Veriﬁcation of antiderivative is not currently implemented for this CAS.

[In]

integrate(sin(a+1/3*log(c*x^n)*(-1/n^2)^(1/2))^3,x, algorithm="giac")

[Out]

Exception raised: NotImplementedError >> Unable to parse Giac output: ((-9*i)*n^4*x*exp((-3*i)*a)*exp((n*abs(n

)*ln(x)+abs(n)*ln(c))/n^2)+27*i*n^4*x*exp((-i)*a)*exp((n*abs(n)*ln(x)+abs(n)*ln(c))*1/3/n^2)+(-27*i)*n^4*x*exp

(-(n*abs(n)*ln(x)+abs(n)*ln(c))*1/3/n^2)*exp(i*a)+9*i*n^4*x*exp(-(n*abs(n)*ln(x)+abs(n)*ln(c))/n^2)*exp(3*i*a)
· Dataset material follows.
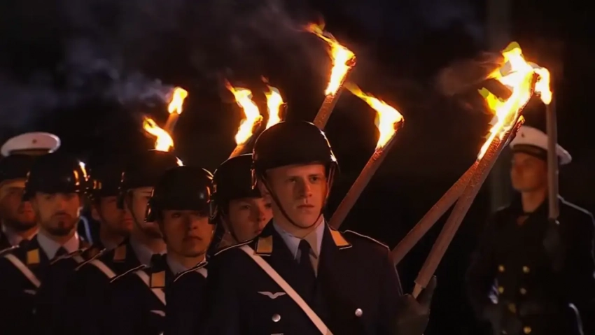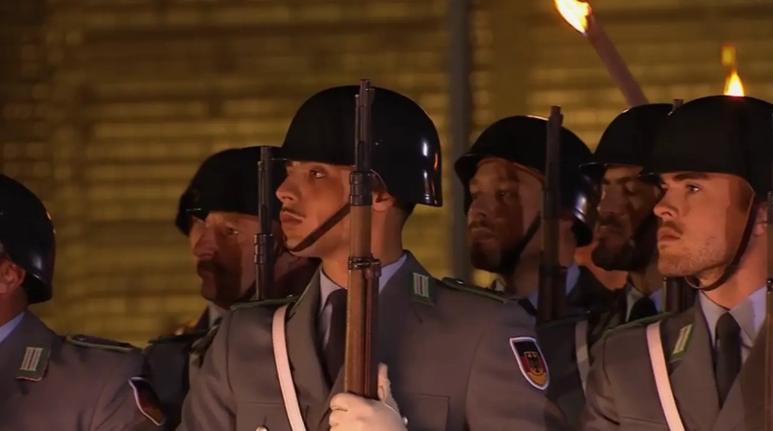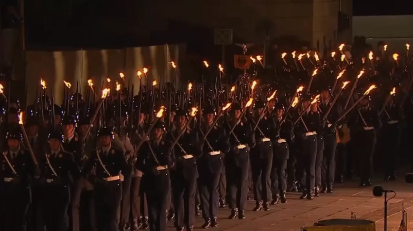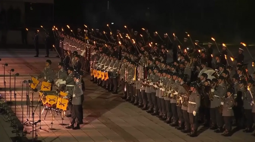 А программа эта называется Großer Zapfenstreich – если написать это русскими буквами, то звучит как «Гроссэр Цапфенштрайх», мягко говоря, не очень приятно для русского человека.

+9*i*n^3*x*abs(n)*exp((-3*i)*a)*exp((n*abs(n)*ln(x)+abs(n)*ln(c))/n^2)+(-9*i)*n^3*x*abs(n)*exp((-i)*a)*exp((n*

abs(n)*ln(x)+abs(n)*ln(c))*1/3/n^2)+(-9*i)*n^3*x*abs(n)*exp(-(n*abs(n)*ln(x)+abs(n)*ln(c))*1/3/n^2)*exp(i*a)+9

*i*n^3*x*abs(n)*exp(-(n*abs(n)*ln(x)+abs(n)*ln(c))/n^2)*exp(3*i*a)+i*n^2*x*n^2*exp((-3*i)*a)*exp((n*abs(n)*ln(

x)+abs(n)*ln(c))/n^2)+(-27*i)*n^2*x*n^2*exp((-i)*a)*exp((n*abs(n)*ln(x)+abs(n)*ln(c))*1/3/n^2)+27*i*n^2*x*n^2*

exp(-(n*abs(n)*ln(x)+abs(n)*ln(c))*1/3/n^2)*exp(i*a)+(-i)*n^2*x*n^2*exp(-(n*abs(n)*ln(x)+abs(n)*ln(c))/n^2)*ex

p(3*i*a)+(-i)*n*x*abs(n)*n^2*exp((-3*i)*a)*exp((n*abs(n)*ln(x)+abs(n)*ln(c))/n^2)+9*i*n*x*abs(n)*n^2*exp((-i)*

a)*exp((n*abs(n)*ln(x)+abs(n)*ln(c))*1/3/n^2)+9*i*n*x*abs(n)*n^2*exp(-(n*abs(n)*ln(x)+abs(n)*ln(c))*1/3/n^2)*e

xp(i*a)+(-i)*n*x*abs(n)*n^2*exp(-(n*abs(n)*ln(x)+abs(n)*ln(c))/n^2)*exp(3*i*a))/(72*n^4-80*n^2*n^2+8*n^4)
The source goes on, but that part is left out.